# Forum Learning Russian Language Resources for Studying Russian Russian Names  Using a patronymic in the United States

## jjjiimm

I know that it's only customary to use patronymics in the former Soviet Union, but there are plenty of Slavic families that move to the US and keep the patronymic names in the family as a way of retaining their culture. 
My wife is Russian and I'm American. As someone who is studying the Russian language  and culture, I have to admit that I love the patronymic name. It actually means something (in America, we have middle names, which are basically useless). 
Would it be acceptable for our kids to have my name as a patronymic? It would be "Jamesevich" and "Jamesovna".

----------


## CoffeeCup

> "James*o*vich"

 Using a patronymic for a non Russian would look weird a little bit. In Russia, a patronymic name for a non Russian is mostly used to mock a person in the way to show up the relativeness. For an example, most music channels call (jokingly) Enrique Iglesias as Enrique Julievich to emphasize that he is a son of Julio Iglesias.

----------


## fortheether

> I know that it's only customary to use patronymics in the former Soviet Union, but there are plenty of Slavic families that move to the US and keep the patronymic names in the family as a way of retaining their culture. 
> My wife is Russian and I'm American. As someone who is studying the Russian language  and culture, I have to admit that I love the patronymic name. It actually means something (in America, we have middle names, which are basically useless). 
> Would it be acceptable for our kids to have my name as a patronymic? It would be "Jamesevich" and "Jamesovna".

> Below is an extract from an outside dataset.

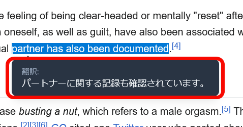 翻訳された文章は、マウスオンすると原文を表示することができます。ページの自動翻訳を使っていると、明らかに翻訳がおかしいと気付いた際に、「ページ翻訳をオフにして、原文を確認して、再度翻訳後を確認する」と見比べることがありますが、PLaMo Translateではマウスオンするだけで原文と見比べることができるのはかなり便利です。
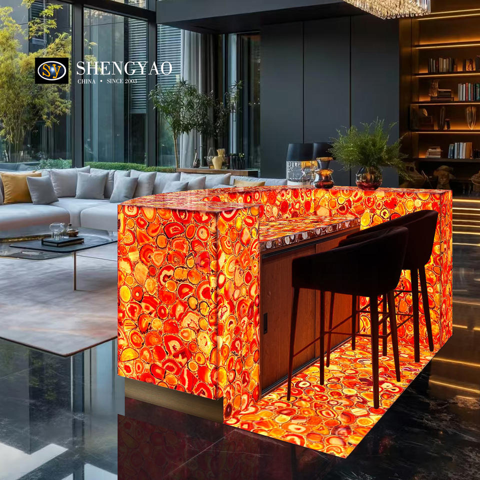 Encimera de barra de ágata de cuarzo de cristal rojo Calcedonia retroiluminada natural

 What about your kids using your wife's patronymic name? 
Scott

----------


## rockzmom

> Would it be acceptable for our kids to have my name as a patronymic? It would be "Jamesevich" and "Jamesovna".

 Hey there Jim! I'm, a mom of two teenagers here in the states and I can tell you that if you have your children with one last name and you and your wife have different last names... it equals a big mess in school. Even if your wife and the kids have one name and you another... the problems are with school directories and office staff or teachers trying to remember that "Oh, little Susie's dad's name is Smith."  "Is little Susie's dad a step-dad?" 
So unless you ALL change your last name to be the same... I would strongly urge you to reconsider this option. Life is hard enough in school... why make it harder?  ::

----------


## Kudesnik

Patronimic name is not a family name, this is a derivative form from the farther's first name and placed after the person's first name: 
John Jamesovich Doe
Mary Jamesovna Roe 
This is not specific for Russia / Ukraine only, AFAIK Lithuinians and Turks have similar concepts: 
Iolanta Jameso Doekaite
Guzel James-kyzy Roe

----------


## it-ogo

> Iolanta Jameso Doekaite
> Guzel James-kyzy Roe

 Jalal ad-Doe Hasan Ibn James al-New-Yorki

----------


## rockzmom

> Patronimic name is not a family name, this is a derivative form from the farther's first name and placed after the person's first name: 
> John Jamesovich Doe
> Mary Jamesovna Roe

 Maybe I misunderstood Jim then... I read it as he wanted to use that as a last name for his kids... my bad.

----------


## chaika

I dunno. As an American "Jamesovich" and "Jamesovna" sound totally weird. I would 86 the idea.  
I have experience with weird. When my wife and I married, we took a family name (Chaika) which we tell everyone. But we really have hyphenated names of which Chaika is only a part and our birth names are the other part, that we don't use except for OFFICIAL docs like title deeds, investments. So our two surnames are different, but hyphenated. Our kids have the hyphenated variant of my name. I only hope the kids do not marry other hyphenated people - what would their kids' names be? =:^0

----------